Brief:
What you return should be the lines from the one with "予想した通り、シモバシラの花" through the one with "(因为没玩单人模式,所以就只" in the data below, reproduced exactly with both ends, and no pictures at all.

(Beginning of Task material)

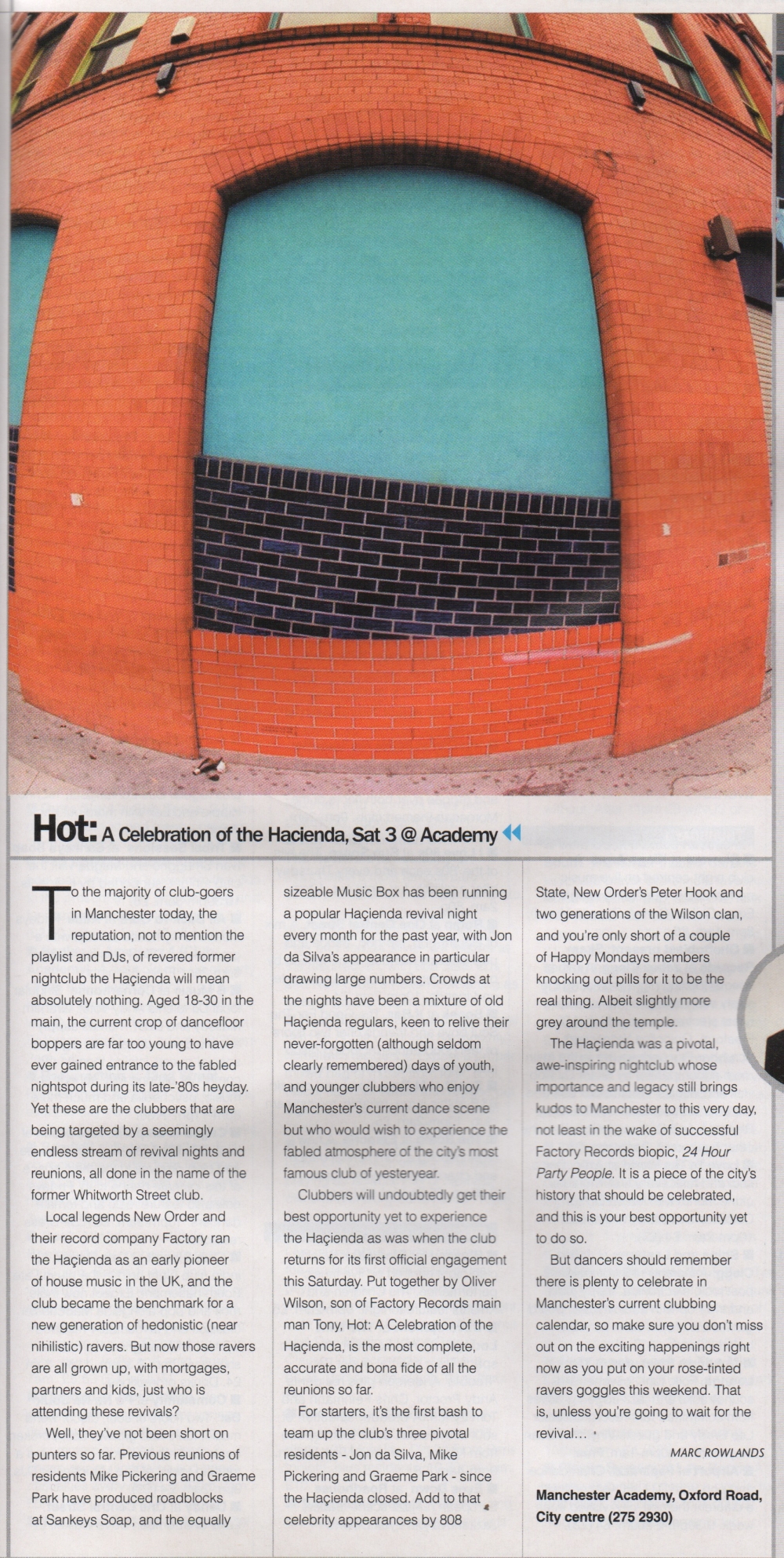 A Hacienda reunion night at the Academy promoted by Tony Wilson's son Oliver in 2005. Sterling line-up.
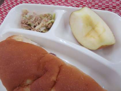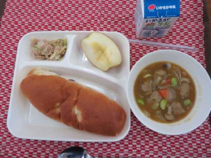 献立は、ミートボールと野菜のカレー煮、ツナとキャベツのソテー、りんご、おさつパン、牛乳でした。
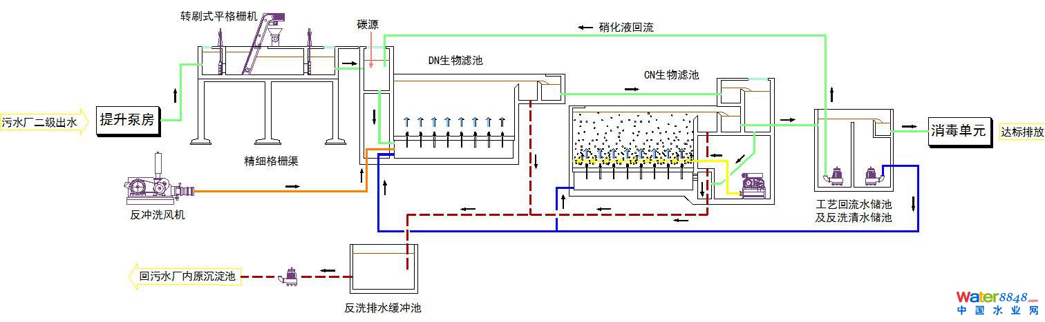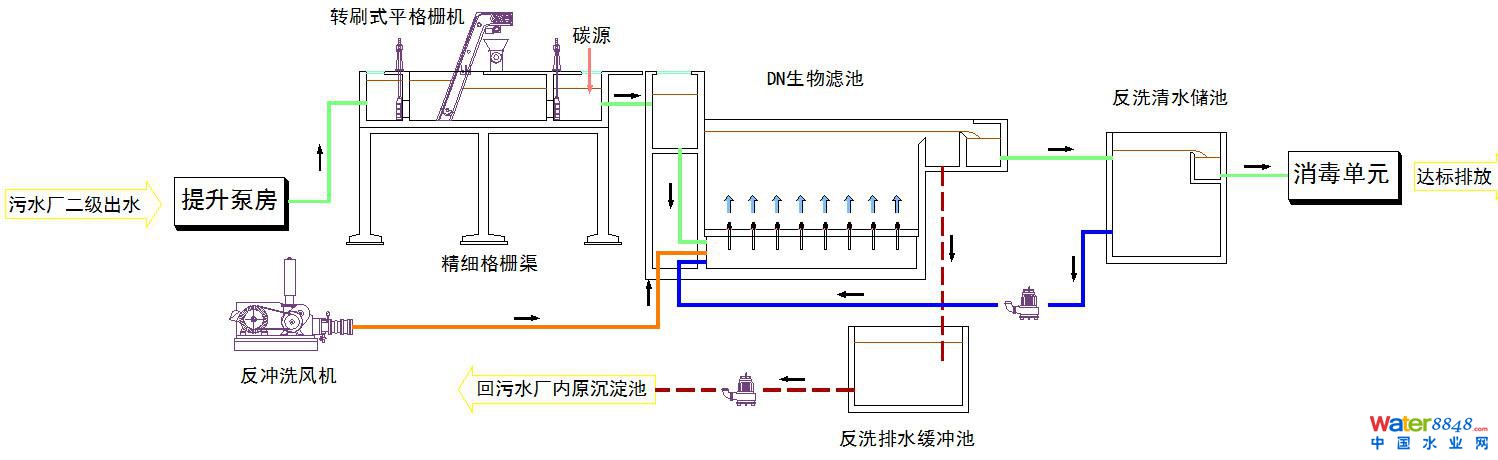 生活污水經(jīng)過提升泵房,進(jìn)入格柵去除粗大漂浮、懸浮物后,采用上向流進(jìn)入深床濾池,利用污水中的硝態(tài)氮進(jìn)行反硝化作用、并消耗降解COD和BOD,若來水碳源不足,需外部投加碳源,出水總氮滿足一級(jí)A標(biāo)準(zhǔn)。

(End of Task material)
(Beginning of Task material)

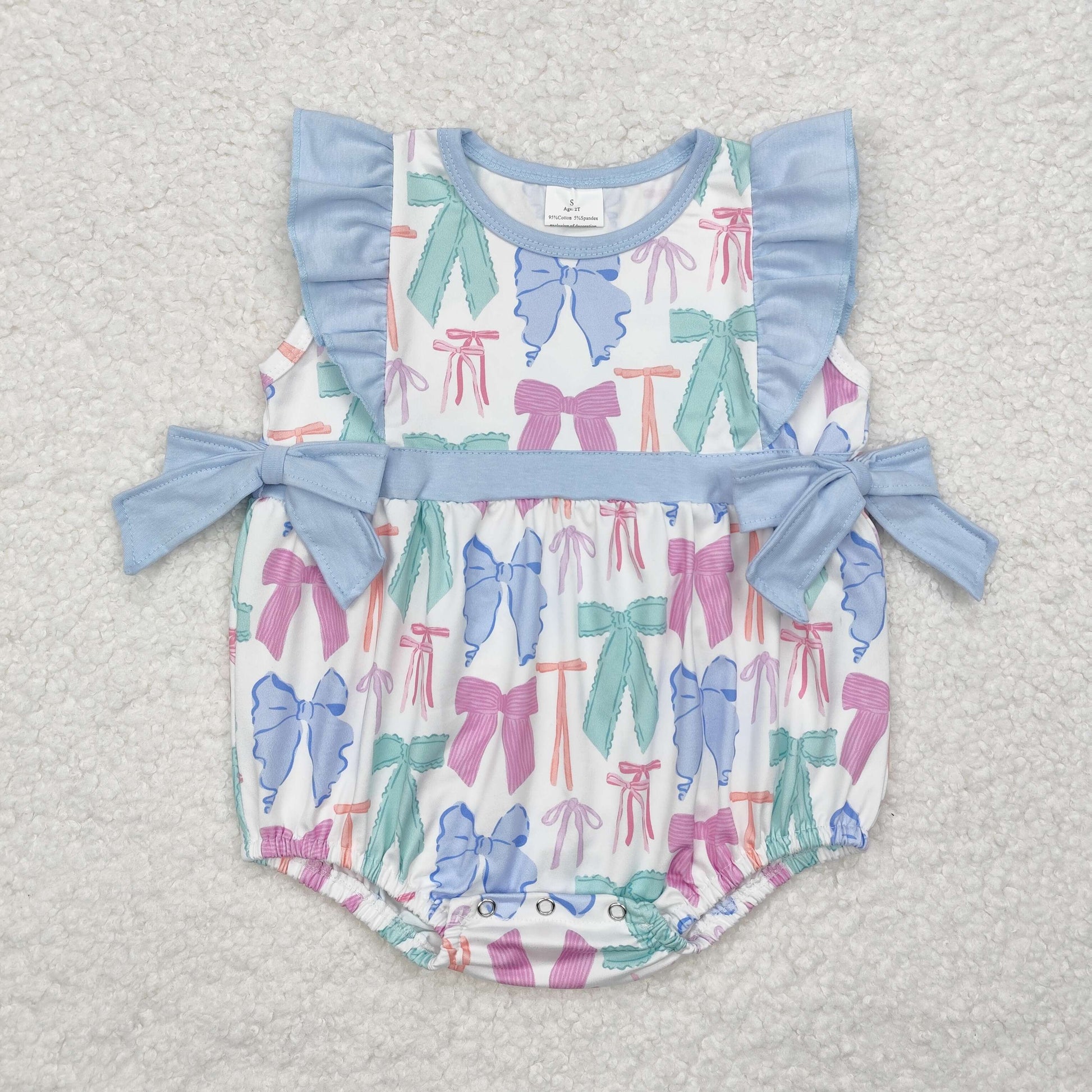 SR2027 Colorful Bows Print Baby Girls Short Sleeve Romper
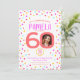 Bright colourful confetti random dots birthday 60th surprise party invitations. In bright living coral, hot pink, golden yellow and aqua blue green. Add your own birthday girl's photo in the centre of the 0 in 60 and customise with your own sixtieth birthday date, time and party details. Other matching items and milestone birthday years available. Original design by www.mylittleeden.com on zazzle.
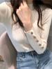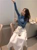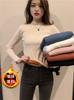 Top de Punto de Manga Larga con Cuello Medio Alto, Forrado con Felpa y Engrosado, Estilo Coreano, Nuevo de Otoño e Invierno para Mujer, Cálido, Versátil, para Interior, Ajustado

(End of Task material)
(Beginning of Task material)

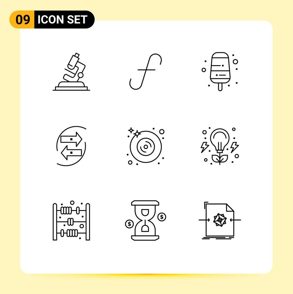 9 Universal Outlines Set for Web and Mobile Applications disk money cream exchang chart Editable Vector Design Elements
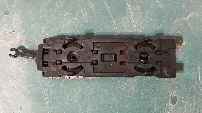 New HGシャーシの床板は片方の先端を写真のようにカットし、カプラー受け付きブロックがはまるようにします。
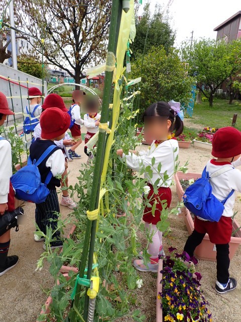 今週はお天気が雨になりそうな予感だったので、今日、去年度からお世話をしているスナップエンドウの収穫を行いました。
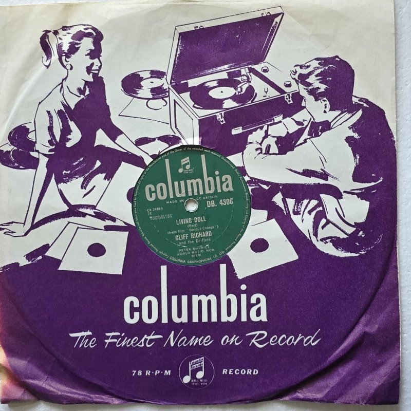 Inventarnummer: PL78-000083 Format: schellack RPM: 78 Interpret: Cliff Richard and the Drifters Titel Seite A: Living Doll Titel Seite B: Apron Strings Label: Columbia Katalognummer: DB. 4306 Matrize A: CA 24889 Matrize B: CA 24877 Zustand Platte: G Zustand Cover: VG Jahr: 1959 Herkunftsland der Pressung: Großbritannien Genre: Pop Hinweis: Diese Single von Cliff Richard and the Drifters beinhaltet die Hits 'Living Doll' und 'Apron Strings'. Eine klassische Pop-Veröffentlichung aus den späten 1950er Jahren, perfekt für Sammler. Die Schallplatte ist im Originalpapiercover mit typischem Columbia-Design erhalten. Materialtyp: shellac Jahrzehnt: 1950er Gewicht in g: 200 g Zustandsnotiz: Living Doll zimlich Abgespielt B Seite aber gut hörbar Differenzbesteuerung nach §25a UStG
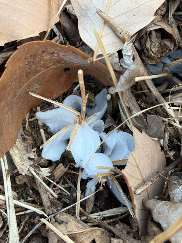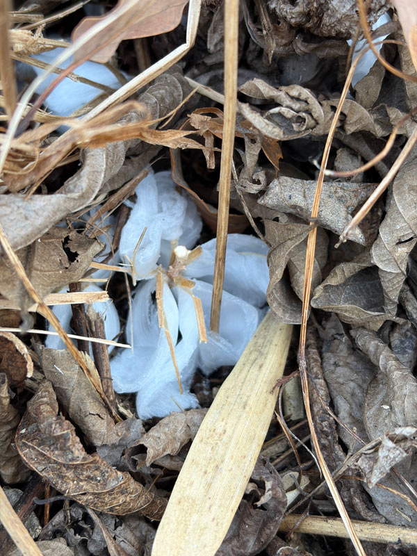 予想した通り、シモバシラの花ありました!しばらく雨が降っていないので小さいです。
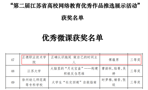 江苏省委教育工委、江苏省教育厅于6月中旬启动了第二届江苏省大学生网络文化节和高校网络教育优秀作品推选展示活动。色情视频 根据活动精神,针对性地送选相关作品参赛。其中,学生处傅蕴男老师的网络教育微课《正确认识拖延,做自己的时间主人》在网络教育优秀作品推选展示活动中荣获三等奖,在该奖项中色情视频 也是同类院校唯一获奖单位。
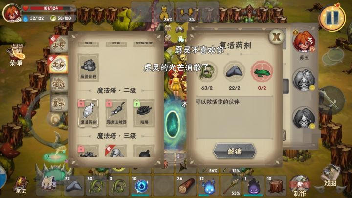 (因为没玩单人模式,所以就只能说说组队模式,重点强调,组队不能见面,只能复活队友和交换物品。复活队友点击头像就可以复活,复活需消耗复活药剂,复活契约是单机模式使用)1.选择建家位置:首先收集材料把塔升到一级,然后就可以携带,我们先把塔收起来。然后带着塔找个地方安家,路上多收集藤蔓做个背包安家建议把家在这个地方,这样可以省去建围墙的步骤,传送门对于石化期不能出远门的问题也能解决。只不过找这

(End of Task material)

Completed task:
 予想した通り、シモバシラの花ありました!しばらく雨が降っていないので小さいです。
 江苏省委教育工委、江苏省教育厅于6月中旬启动了第二届江苏省大学生网络文化节和高校网络教育优秀作品推选展示活动。色情视频 根据活动精神,针对性地送选相关作品参赛。其中,学生处傅蕴男老师的网络教育微课《正确认识拖延,做自己的时间主人》在网络教育优秀作品推选展示活动中荣获三等奖,在该奖项中色情视频 也是同类院校唯一获奖单位。
 (因为没玩单人模式,所以就只能说说组队模式,重点强调,组队不能见面,只能复活队友和交换物品。复活队友点击头像就可以复活,复活需消耗复活药剂,复活契约是单机模式使用)1.选择建家位置:首先收集材料把塔升到一级,然后就可以携带,我们先把塔收起来。然后带着塔找个地方安家,路上多收集藤蔓做个背包安家建议把家在这个地方,这样可以省去建围墙的步骤,传送门对于石化期不能出远门的问题也能解决。只不过找这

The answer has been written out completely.